The Singapore Democratic Alliance (SDA) on Monday (Aug 31) unveiled its slate of potential candidates contesting the six-member Pasir Ris-Punggol Group Representation Constituency, and three of them are new faces.
Mr Ong Teik Seng, 44, is contesting for the first time.
The sales director said he wants to highlight matters concerning the well-being of senior citizens and the young. Criticising the rise in age limits for Singaporeans to withdraw their Central Provident Fund (CPF) savings, Mr Ong said that Singapore is a country that has “sailed very far into the deep oceans”.
“There are many workers on board the ship, especially the pioneer generation. They are working for survival,” he said, adding that he hopes for reforms to the CPF scheme.
Mr Ong also said he hopes to give children more opportunities to get a higher education, so they can face the future challenges of a foreign talent influx.
Mr Sunny Wong Way Weng, 53, is another new face.
The quality assurance manager has been a resident of Pasir Ris for about 21 years.

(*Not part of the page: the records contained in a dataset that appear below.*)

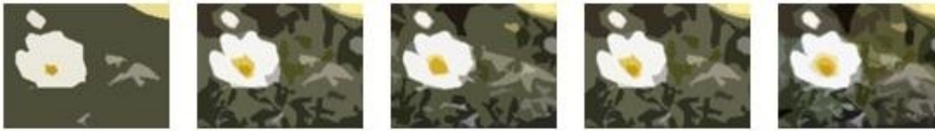
Figure 8: Effect of changes to numberOfShades

The following figure demonstrates the effect applied to a picture with numberOfShades values of zero, 2, 3, 4, and 6, respectively.
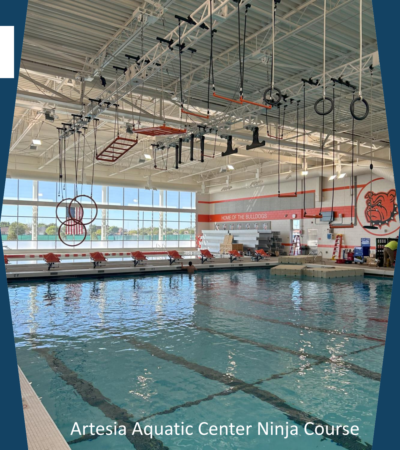
Artesia Aquatic Center Ninja Course
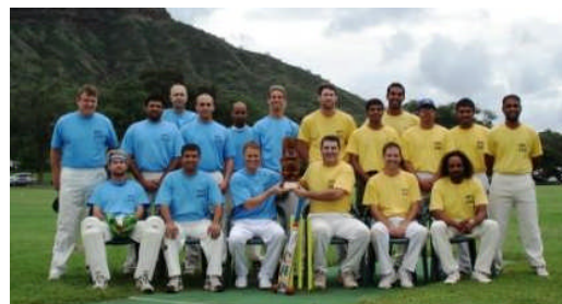
Master Batters (Blue), Cobras (Yellow)

The plan is to expand the Hawaii Premier League into an international competition, in a tournament structure beginning in May 2010.
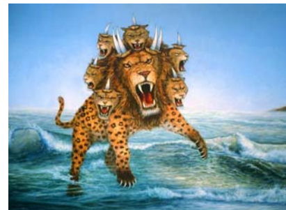
The beast of Revelation 13.

Revelation 13:1-2 Then I stood on the sand of the sea. And I saw a beast rising up out of the sea, having seven heads and ten horns, and on his horns ten crowns, and on his heads a blasphemous name. Now the beast which I saw was like a leopard, his feet were like the feet of a bear , and his mouth like the mouth of a lion. The dragon gave him his power, his throne, and great authority.
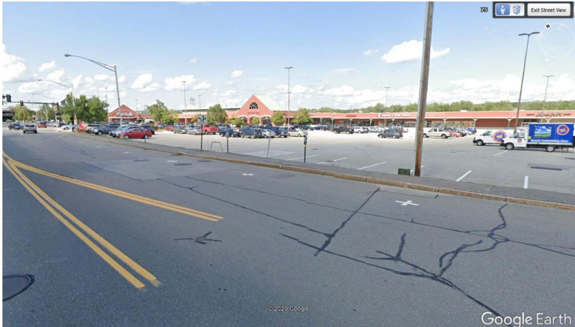
3. Google Earth Image-3, Looking northeast across Storrs Street toward proposed project area.
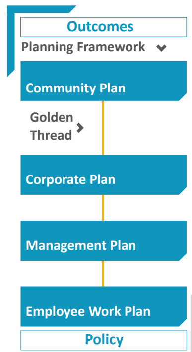
Figure 2: Planning Framework

The SOA provides the council and our partners with a shared set of priorities that must be driven down through every level of the planning framework. This link between strategic priorities and planning is referred to as a 'golden thread' and it ensures that there is a strong focus on the achievement of outcomes at every level of the council.
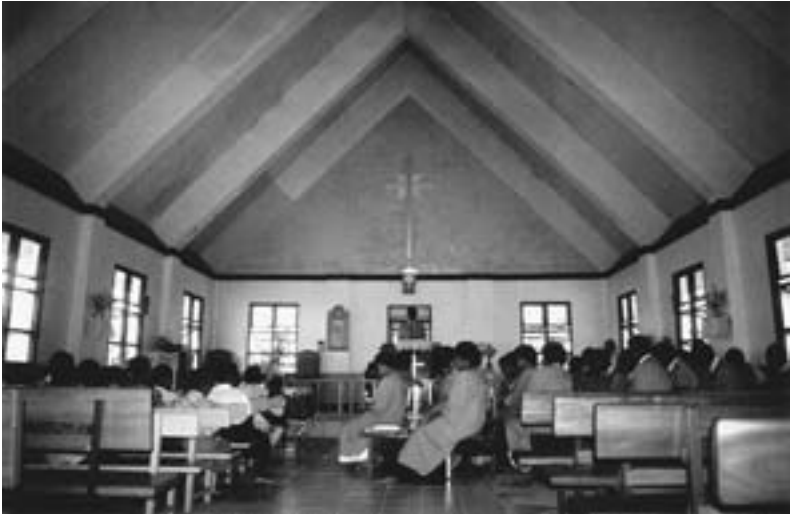
FIGURE 2. Inside the Tavuki church.

night and take boats out to pursue bigger fish in deeper waters. Kadavu is well known internationally as a dive site because of the Astrolabe Reef, and the eastern half of the island has numerous small scuba-diving resorts, but the impact of these resorts is negligible in Tavuki and tourists are very rarely seen in the village. Many Tavukians spend time on Vitilevu for education or work, but, like many Fijians, at Christmastime they return to their true homes “on the foundation” ( dela ni yavu ), streaming back to the village for weeks of celebration.
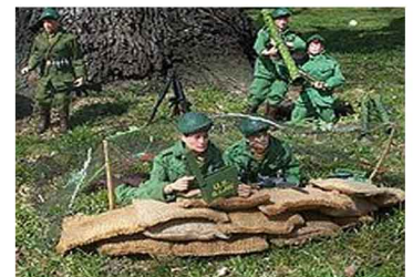
Green Beret GI Joes
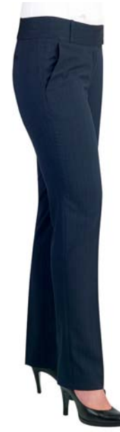
UDINE Trouser (Navy Multi Stripe) Slim leg, front hook fastening, 2 side pockets, mock rear pockets, belt loops.

Machine washable 67% Polyester, 30% Wool, 3% Lycra
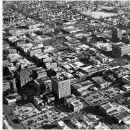
Aerial View of Core Area
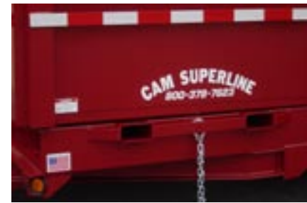
Pallet Fork Carrier & Tie Down Rail
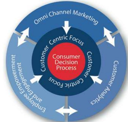
Figure no. 2. Key areas for achieving sustainable competitive advantage in the mobile shopping era

Another critical area of exploration is the impact of mobile apps on the consumer decision-making process. Traditional decision models are being reshaped by the immediacy and convenience offered by mobile platforms. Mobile apps influence each stage of the consumer journey—from pre-purchase research facilitated by review aggregators to real-time purchase incentives like flash sales. The role of post-purchase engagement is equally significant, with apps providing support and fostering loyalty.
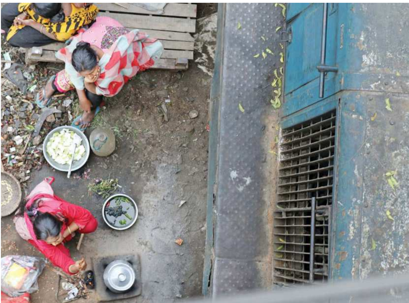
A woman cooks a meal while a train passes by with inches to spare in the capital's Tejjagon. Homeless people living along railway lines in the city are exposed to accidents and cold temperatures as they struggle to make ends meet. The photo was taken recently.
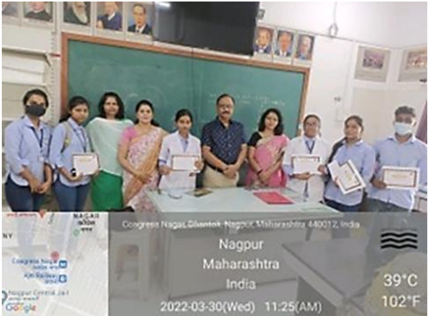
Certificate and cash prize distribution of WET LAND DAY Programme & AIDS DAY Programme in Department Of Zoology in offline class.
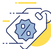
10% Off Lowe's Products

Lowe's also offers access to other additional benefits, including:
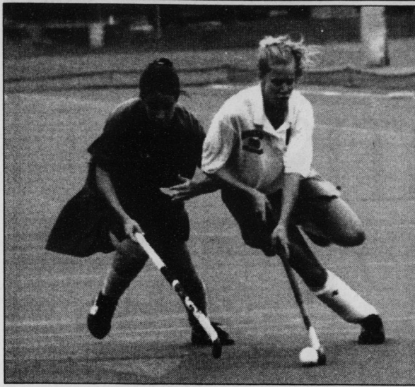
North Carolina won its first two ACC games this weekend. Sunday's 2-0 victory over Wake Forest was UNC's sixth consecutive shutout.

"We play both this team (Wake Forest) and Duke again this season, and we may meet them one more time in the ACC tournament," she said. "So we know we still have a lot of work to do."
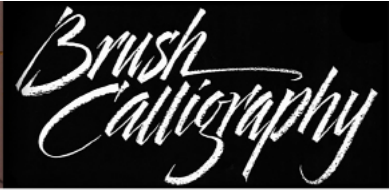
Carol DuBosch Brush Calligraphy October 27-29, 2017
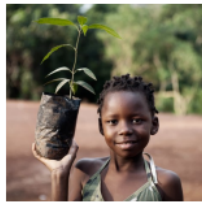
Planting fruit trees
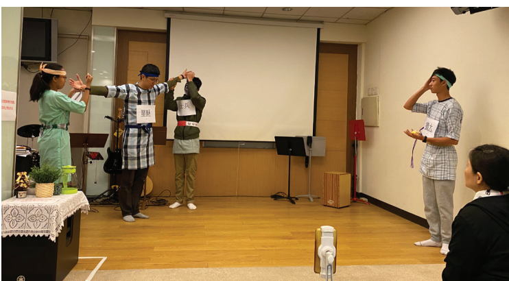
Figure 3: Judas Skit, Judas (right side) realising that he had betrayed the Son of God.

He said he was motivated to join politics as he wants to speak up on issues such as traffic congestion and the pressure Singaporeans face.
“I am proud to have celebrated SG50 but there is room to speak up and go forward,” he said.
Mr Abu Mohamed, 64, is the third new candidate.
Speaking in Malay, the President of the Singapore Malay National Organisation (PKMS) said he wants to help the Malay-Muslim community progress in areas such as education, jobs and housing.
Mr Abu Mohamed, a co-director in an oil field services company, also hopes to bring up issues advocating women wearing the hijab in frontline work, as well as policies protecting Malays from being barred from job positions that specify Mandarin-speaking candidates.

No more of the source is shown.